Pine Street School is a for-profit co-ed international school with an authorized International Baccalaureate Primary Years Programme for ages 2 through 5th grade. The school opened in September 2014 in New York City in the Financial District neighborhood. Pine Street School opened with a dual language immersion program in Spanish and has since added a Mandarin dual language immersion option.

Pine Street School is organized in four divisions: the nursery program (2-year-olds), Preschool (ages 3 and 4), and Elementary School (Kindergarten through 5th grade).

Leadership team
Pine Street School’s Head of School is Eileen Freely Baker, who previously held leadership positions at Istanbul International Community School, Luanda International School, Global Indo-Asia School and Isikkent School. Baker has led workshops and conducted site visits for the International Baccalaureate Primary Years Programme in Africa, Europe, Middle East and Asia Pacific since 1999. She is the sister of Maureen Freely, a lecturer at the University of Warwick and occasional contributor to The Guardian and The Independent newspapers. Baker and Freely are the daughters of John Freely, an American physicist, teacher, and author of popular travel and history books on Istanbul, Athens, Venice, Turkey, Greece, and the Ottoman Empire.
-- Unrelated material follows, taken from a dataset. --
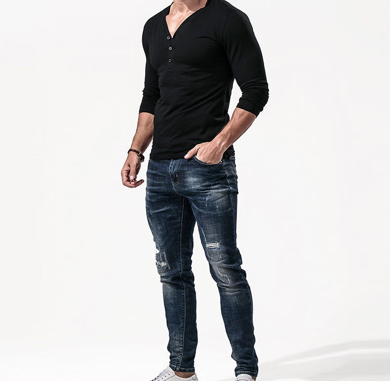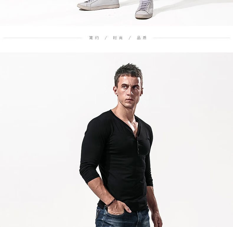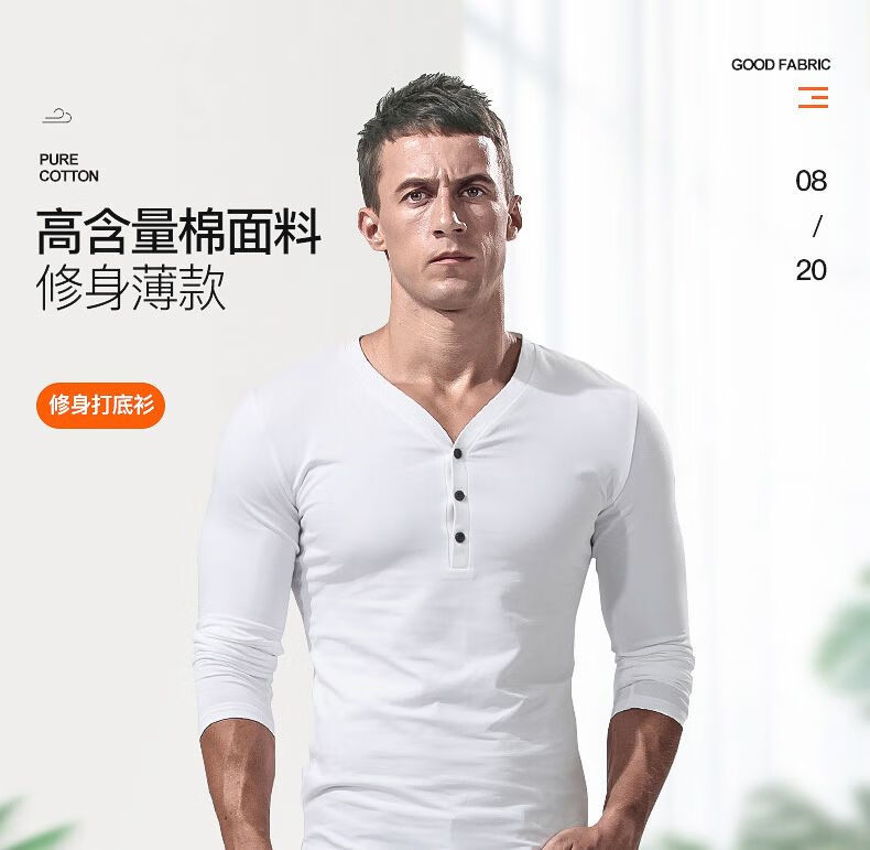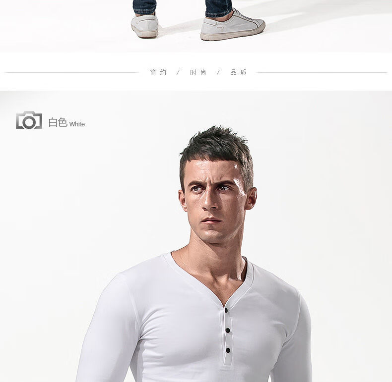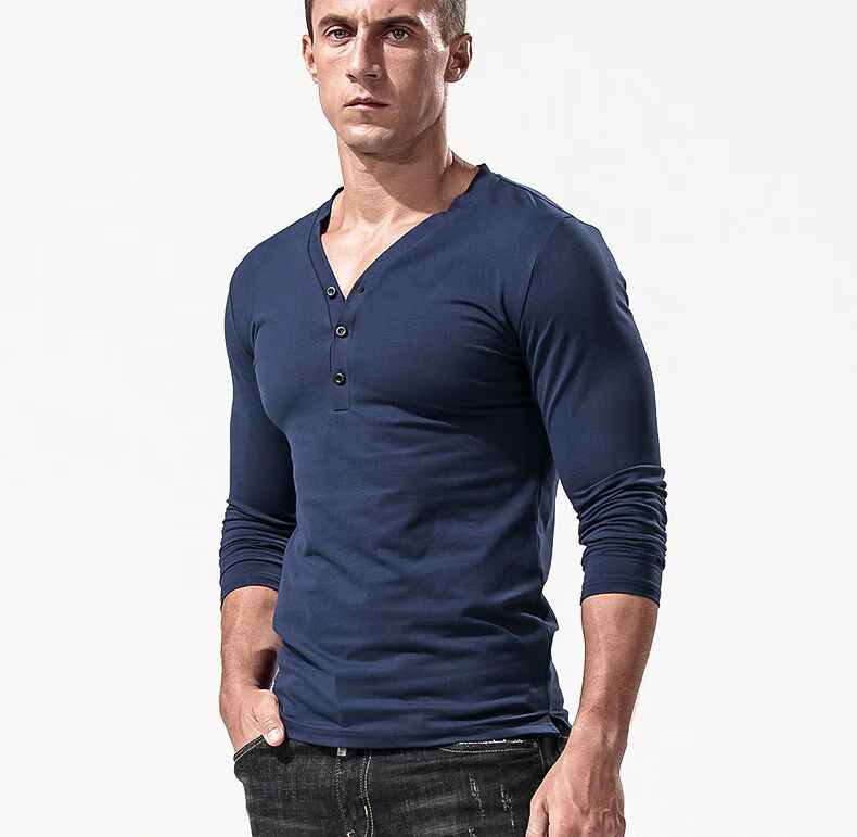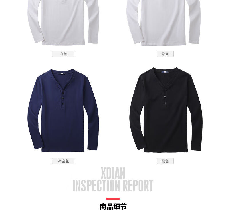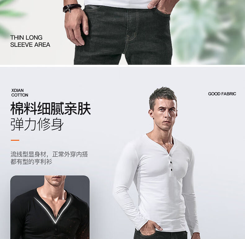Fanshu Henry shirt long-sleeved T-shirt for men, low-neck American retro bottoming shirt, tight-fitting top, large V-neck spring and autumn style, white M 90-118Jin Jin equals 0.5 kg

In 2020, Robert Smith joined the Pine Street Administrative Team.

New York City campus
Pine Street School is located in New York’s Financial District at 25 Pine Street, on the bottom four floors of the building also known as 40 Wall Street, a 71-story neo-gothic skyscraper between Nassau Street and William Street in Manhattan, New York City designed by H. Craig Severance, along with Yasuo Matsui (associate architect), and Shreve & Lamb (consulting architects).  Pine Street School occupies 85,000 square feet (7,896 m2) that was renovated and designed by the architectural firm Perkins Eastman, and Structure Tone (construction management).

Pine Street School is located next door to Federal Hall National Memorial, in a building on Wall Street.  The school faces 28 Liberty Street, formerly known as One Chase Manhattan Plaza. This plaza features Group of Four Trees, a sculpture by Jean Dubuffet.
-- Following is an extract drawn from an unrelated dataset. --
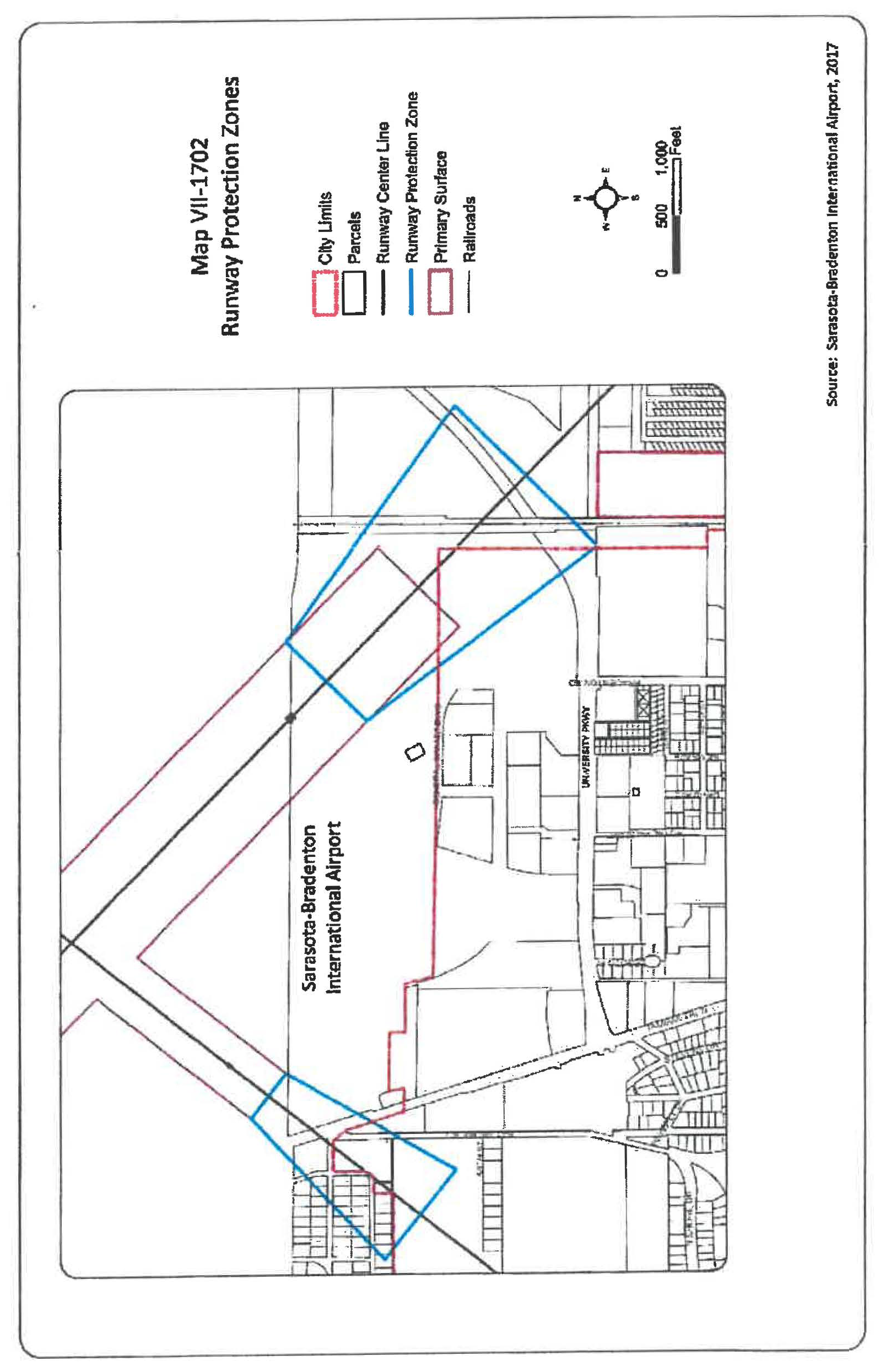 New incompatible uses, activities, or substantial modifications to existing incompatible uses within the airport's runway protection zones. Incompatible land uses prohibited from the runway protection zones are: residential, commercial, industrial, institutional and places of public assembly, such as churches, and other uses with similar concentrations of persons typify places of public assembly. See map VII-1702, runway protection zones.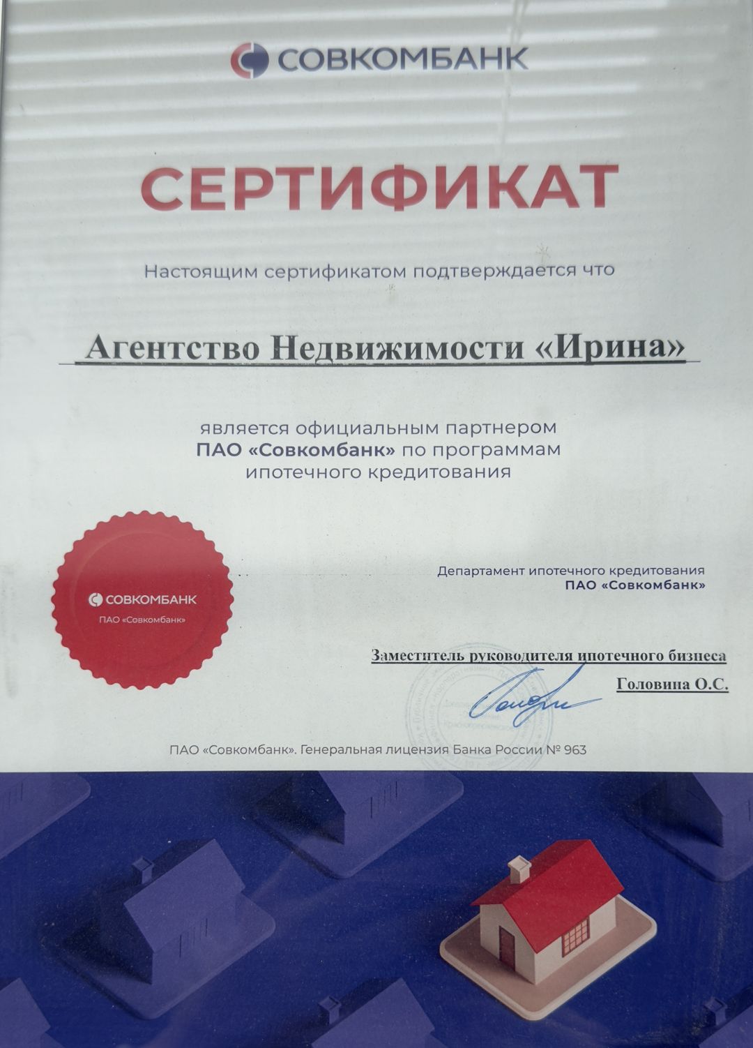 Выражаем огромную благодарность агентству недвижимости "Ирина» за помощь в совершении успешной сделки . Отдельно выражаем слова благодарности Арзомасовой Ирине - вежливому , грамотному и пунктуальному специалисту.

Pine Street School has formed a partnership with the New York Health and Racquet Club to provide both athletic facilities and experienced, professional instructors. Classes are taught in the New York Health and Racquet Club facilities at 39 Whitehall Street. Pine Street School also utilizes historic area resources to involve, educate and stimulate students, including the South Street Seaport, the Federal Reserve Bank of New York, The Battery, the 9/11 Memorial, Brooklyn Bridge, and Chinatown.
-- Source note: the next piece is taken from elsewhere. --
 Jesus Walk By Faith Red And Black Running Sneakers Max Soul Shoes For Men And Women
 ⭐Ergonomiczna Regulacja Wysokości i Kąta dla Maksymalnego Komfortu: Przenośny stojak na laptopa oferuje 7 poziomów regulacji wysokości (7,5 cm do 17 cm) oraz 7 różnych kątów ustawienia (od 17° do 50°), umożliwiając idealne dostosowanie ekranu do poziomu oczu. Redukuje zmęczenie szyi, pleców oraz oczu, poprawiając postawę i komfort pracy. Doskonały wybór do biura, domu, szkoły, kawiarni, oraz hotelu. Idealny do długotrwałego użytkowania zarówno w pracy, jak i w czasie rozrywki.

Pine Street School opened with 2 of its planned 11 grades for the 2014-2015 school year, including all grades between nursery and preschool. The Kindergarten, 1st, 2nd, 3rd, 4th and 5th grades were added over the subsequent four years.

Admission
Pine Street School has a rolling admission policy that provides the opportunity for students to apply at any time during the year. The application process includes the completion of the ERB for appropriate grades.
For the 2018-2019 academic year, tuition at Pine Street School will cost an average of $36,200 annually per student.  The school will offer financial aid to the parents of admitted students through School and Student Services which collaborates with the National Association of Independent Schools.

Memberships/Affiliations
The International Baccalaureate Organization 
The National Association of Independent Schools (NAIS)
International Schools Services
Search Associates
Association for the Advancement of International Education
Guild of International Baccalaureate Schools Northeast

References

External links
Official Website

2014 establishments in New York City
Financial District, Manhattan
Educational institutions established in 2014
International schools in the United States
International schools in New York City
Private elementary schools in Manhattan
Private middle schools in Manhattan
Preparatory schools in New York City
International Baccalaureate schools in New York (state)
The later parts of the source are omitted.